Петя побледнел еще больше, если это было возможно.
— А откуда он узнает про мой моральный облик? Уж не от тебя ли? — В его голосе не было язвительности, скорее отчаяние. Меня это поразило и тут же отрезвило.
Я покаянно заявила:
— Извини, Петя, я не то хотела сказать. Я не знакома с Далакянами и вовсе не собираюсь с ними знакомиться. Но если ты еще не слишком хорошо знаешь эту семью, то учти, что они люди серьезные, и тебе не удастся завести с Анитой легкий роман.
— А я и не собираюсь крутить с Анитой любовь, мы с ней просто приятели, и не больше. Но почему ты считаешь, что я не способен на серьезные чувства?
— Не уверена, что ты можешь любить кого-нибудь всерьез. Впрочем, может, я сужу по нашим отношениям…
— Конечно, ты можешь считать меня легкомысленным бабником, но сама-то ты хороша…
Боже мой! Если я что-то в этой жизни ненавижу, то это выяснение отношений! По счастью, нас прервал телефонный звонок, и Петя, сидевший рядом с аппаратом, то ли по привычке, то ли из ехидства снял трубку и с неприятной улыбочкой передал ее мне. Как назло, это оказался Марк.

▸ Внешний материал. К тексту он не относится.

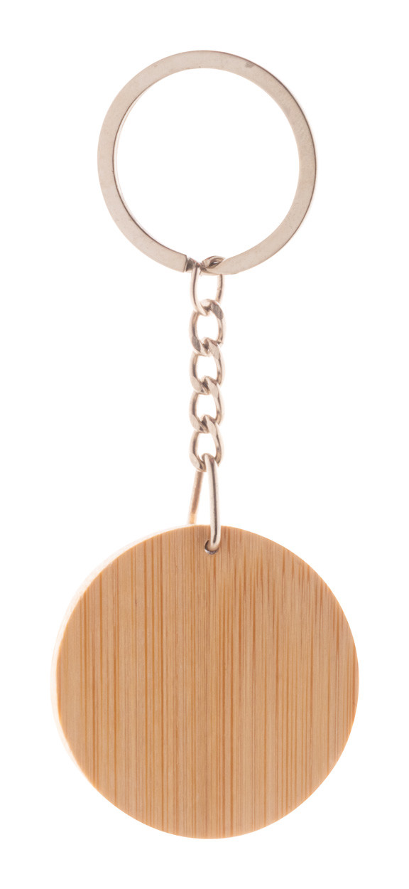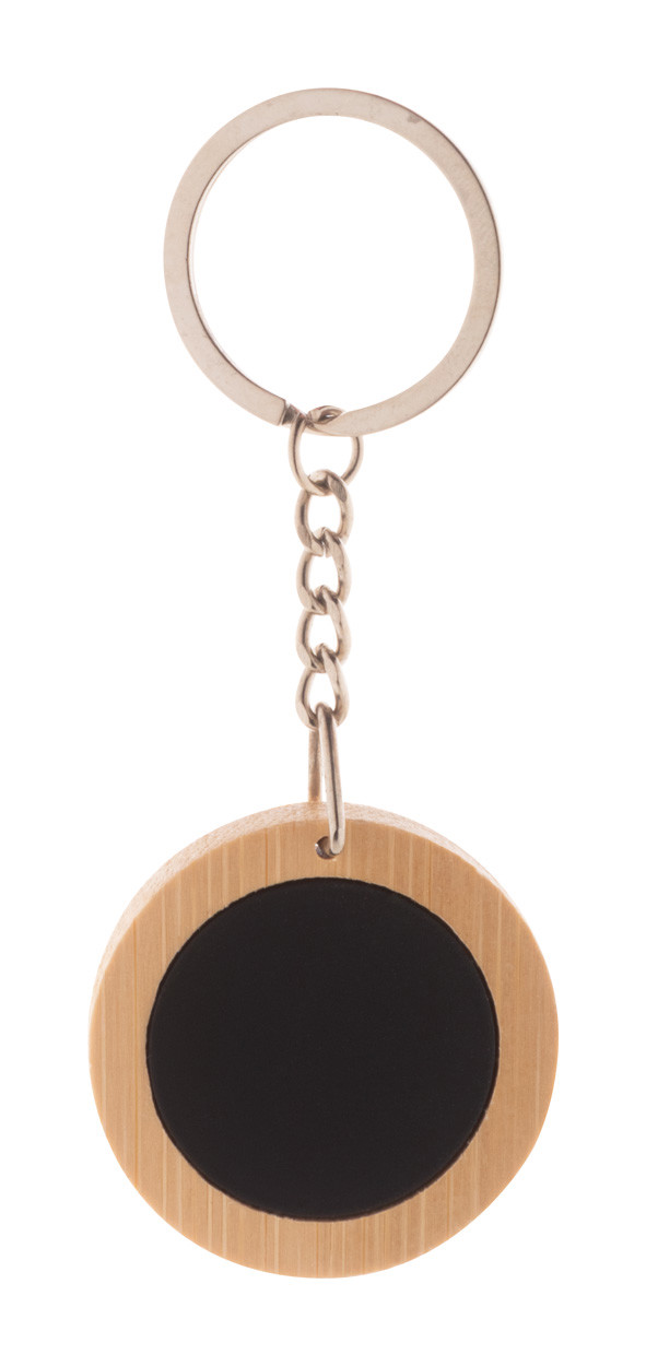 Bamboo keyring with rubberized finish stainless steel plate and metal ring. With special coating for mirror laser engraving.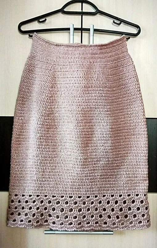 Авторская юбка "Пудровый Шик".Юбка "Пудровый шик"связана крючком. Юбка связана на заказ,модель разработана и придумана мной,в комплект к жакету "Пудровый шик".Эта модель будет очень хороша в любом цвете.Здесь использована однотонная пряжа с люрексом изысканного пудрового оттенка.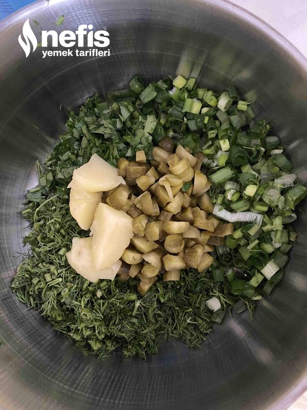 6. Patateslerimizi haşlayıp soğuttuktan sonra (çünkü sıcak patates erir ufalanır ) tuz ve pul biber ile öbür kestiğimiz gereçlerimizin içine ekleyelim akabinde sosumuzuda ekleyelim.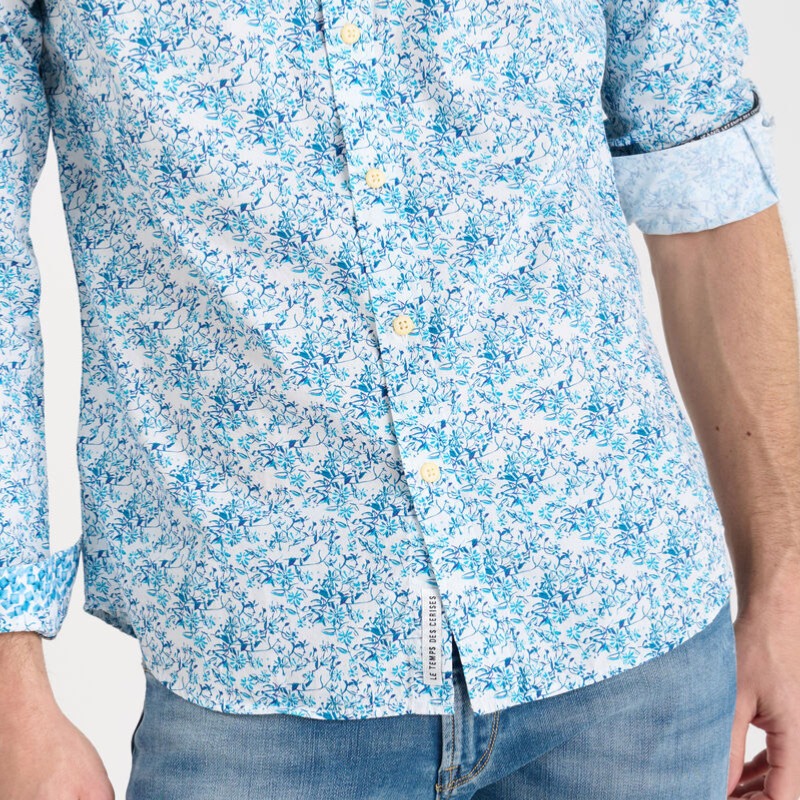 Chemise à manches longues Le Temps des Cerises homme modèle Botix en coton blanc imprimé de motifs fleurs bleues.

— Хелло, Аньес, — прозвучал в трубке его бодрый голос, как будто он никуда не пропадал.
— Слушаю. — Я приняла самый официальный тон.
— Кто это у тебя в гостях? — Нет, я ошиблась, за бодростью скрывалось беспокойство.
— Соседи, — тем же сухим тоном соврала я.
— Ах, раз у тебя соседи, я перейду сразу к делу. — В голосе его послышались саркастические нотки. — Сережа поручил мне выяснить у тебя некоторые детали, если ты, конечно, можешь сейчас говорить.
— Конечно, могу! — поспешила я ответить и тут же поняла, в какую попалась ловушку: есть вещи, о которых я никак не могу рассказывать при Пете!
По счастью, эти детали касались в основном Милочки и подробностей Аллочкиной встречи с блудным мужем и его секретаршей, и после нескольких моих невразумительных ответов дело пошло на лад: Марк формулировал свои вопросы так, что я могла на них отвечать «да» или «нет». Петя наблюдал за мной с явным интересом и после пяти минут нашей содержательной беседы вдруг схватил пустой бокал и швырнул его об пол; послышался звонкий треск разбившегося стекла.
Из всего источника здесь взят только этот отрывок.